What is also noteworthy is that Ingo managed to bring Haiku up to speed. As expected, it is still lagging behind the other guys: 1.45 times slower than FreeBSD, 1.28 times slower than Linux and 1.21 times slower than OpenSolaris. At least in this particular benchmark. I still find that quite exciting, considering how advanced and well optimized these other systems are. Large corporations are putting a lot of money into making these platforms fast. What also sticks out is that Haiku is seriously kicking ZETA's butt. Wow, 6.68 times faster? ZETA's app_server may still be a lot snappier than Haiku's, but boy the Haiku kernel is running circles around the ZETA one!
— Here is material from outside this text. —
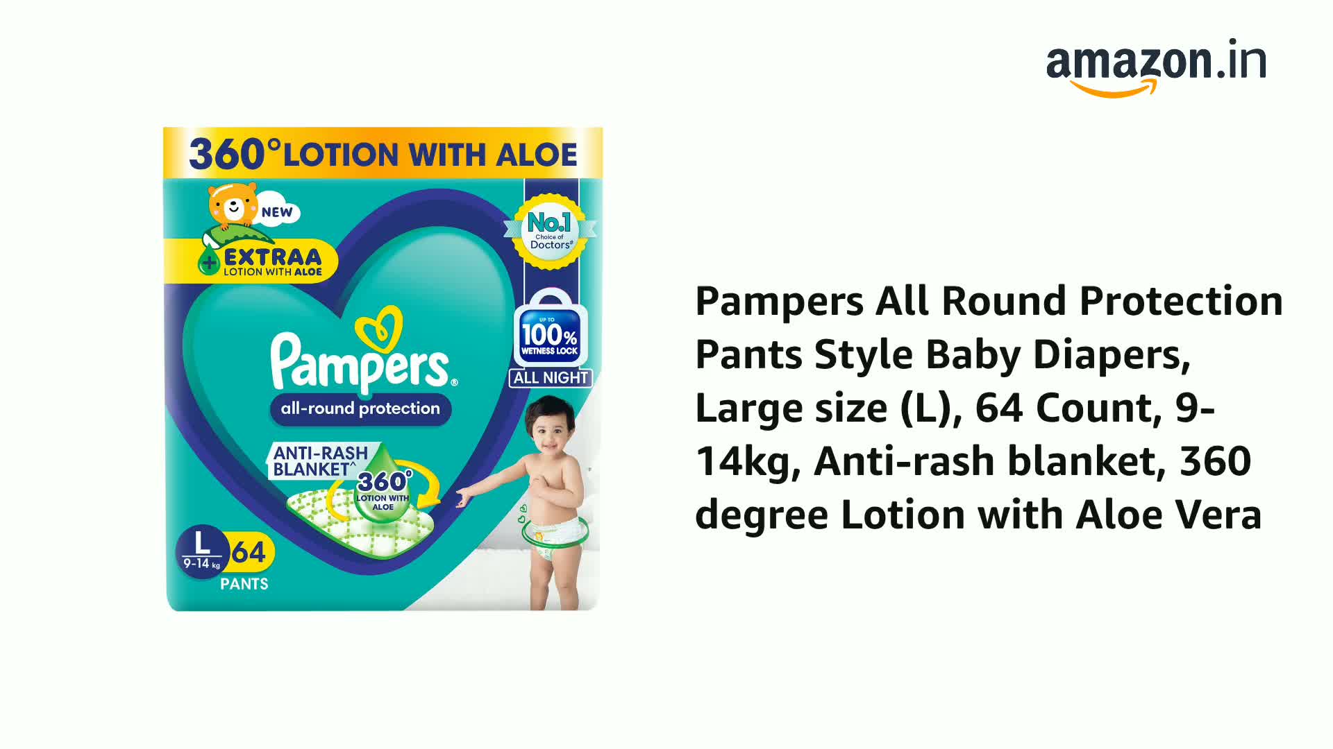 Pampers All Round Protection Pant Style Baby Diapers are available in New born (NB) Small (S) Medium (M) Large (L) X-Large (XL) XX-Large (XXL) XXX-Large (XXXL) sizes. NEW and IMPROVED Pampers all round protection pants have ANTI RASH BLANKET* containing Lotion with Aloe Vera to keep your baby skin protected from redness and rashes. Top quality diaper pants with Up to 100% WETNESS LOCK keeps the pee locked inside and baby's bum stays dry for ALL NIGHT. Air channels & stretchy belt provides your baby breathable airy fit comfortable even in summers. Pampers unique Magic gel technology provides up to 12 hours of dryness and has up to 2X faster absorption The new and improved design has an EXTRA SOFT material and a fit that adapts to baby movements for best comfort. Our pants with fun exterior graphics fun designs of characters and a delightful fresh Aloe fragrance ensures you enjoy every change with your baby (*Blanket refers to soft topsheet with lotion Helps prevent rash due to wetness after 1 day of usage based on clinical studies in USA 2000 2019)
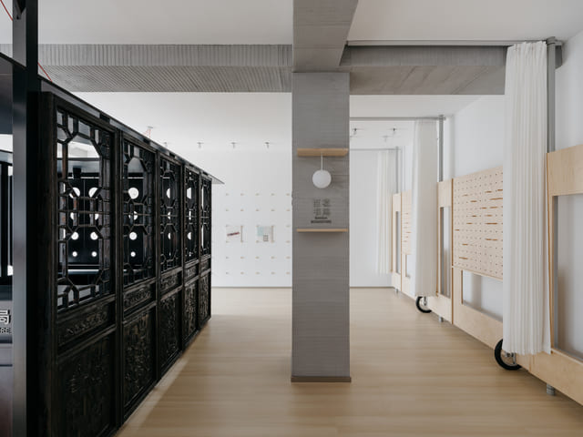 作為崑曲博物館原有的書屋,設計師的想法並不是以全盤現代化的思維覆蓋原本的空間來創造話題,而是提出一件被長年忽略的藏品:堂名擔,作為整體設計的起點。這件藏品原是江南傳統戲班中常見的便攜式舞台,輕巧且易於拆卸和組裝,待組裝完成,任何空曠的場地頓時即擁有台前和幕後,可供演員大展身手。

Also, in previous discussions, I remember it being mentioned often that for compiling software, the BFS design is quite a bottleneck. But to me it seems that this cannot be the case. At least it cannot be the main reason that ZETA is performing so badly. From what I learned in various IRC channels and reading other benchmarks, the file system is probably not a very important factor in this particular test. The optimizations that Ingo did in the Haiku kernel hint that reducing waiting times on important kernel locks (contention) as well as efficient algorithms in the kernel have the greatest impact. The work that Ingo and Axel have put into kernel tracing and graphical analysis tools is paying off. And of course it helps that Ingo knows what he is doing when he applies optimizations. From talking to him it seems there are still a lot of opportunities to optimize stuff in the kernel and further reduce lock contention. Ingo is using an 8 core machine for development now, and since Haiku's kernel does not scale as well as the other platforms, the numbers are different on an 8 core machine versus only 2 cores, putting Haiku further behind the other systems. I am excited about the work Ingo is doing and it will be interesting to watch how Haiku is steadily catching up in becoming a very viable host platform for compiling itself.